DEEP LEARNING ARTICLES
Deep learning is a branch of machine learning that uses artificial neural networks with many layers to learn complex patterns from data. It has become central to modern artificial intelligence because it can automatically extract useful features instead of relying on hand crafted representations.
The core idea is to stack simple computational units, called neurons, into layers. Each layer transforms its input into a more abstract representation. Training adjusts the connections between neurons so that the network’s output matches desired targets. This is typically done with backpropagation and gradient based optimization.

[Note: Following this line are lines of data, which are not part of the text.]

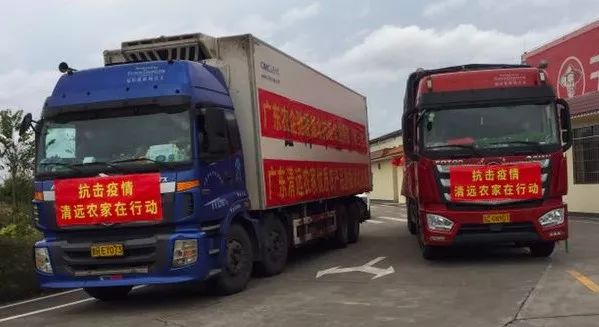 首批由“清远农家”捐赠驰援湖北荆州的民生物资专车天农公司横荷供港加工厂出发。
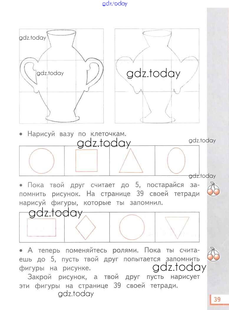 На страницах сайта gdz.today вы найдете учебный и вспомогательный материал, направленный на улучшения знаний школьной программы. ГДЗ - онлайн мир знаний Решение к части 1. Страницы 39 Рабочей тетради по Окружающему миру для 1 класса Ивченкова, Потапов Дрофа Планета знаний 2018
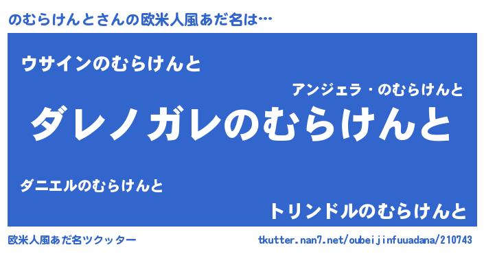| 意味不明あだ名 | 『住所不定無職のむらけんと(12歳)』 |
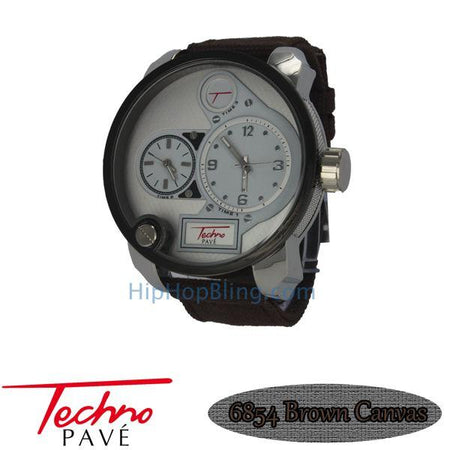 Dual Time Zone Watch Brown Canvas Band
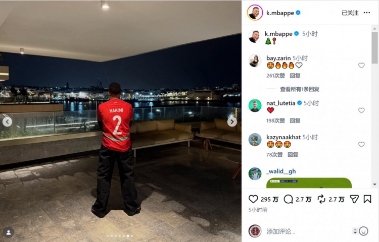 姆巴佩现场不雅看了摩洛哥vs马里的非洲杯比赛,他在酬酢媒体上晒出多张圣诞节时刻的像片,其中包括身穿阿什拉夫球衣的像片,抒发对好友的赞助。

Different architectures have been developed for different data types and tasks. Convolutional neural networks are especially effective for images because they exploit local spatial structure, enabling state of the art performance in classification, detection and segmentation. Recurrent and sequence models process data with temporal or ordered structure, such as text, speech and sensor streams. Encoder decoder frameworks and attention mechanisms extend these models to tasks like translation and summarization. Generative models such as variational autoencoders and generative adversarial networks learn to create realistic new samples that resemble training data.
Research has also addressed practical issues. Regularization methods such as dropout and batch normalization improve generalization and training stability. Advances in hardware accelerators and software frameworks have made it feasible to train very large models on massive datasets. At the same time, issues like data hunger, lack of transparency, vulnerability to adversarial examples and energy consumption remain active topics of investigation. Overall, deep learning has transformed fields from computer vision and natural language processing to medicine, robotics and scientific discovery.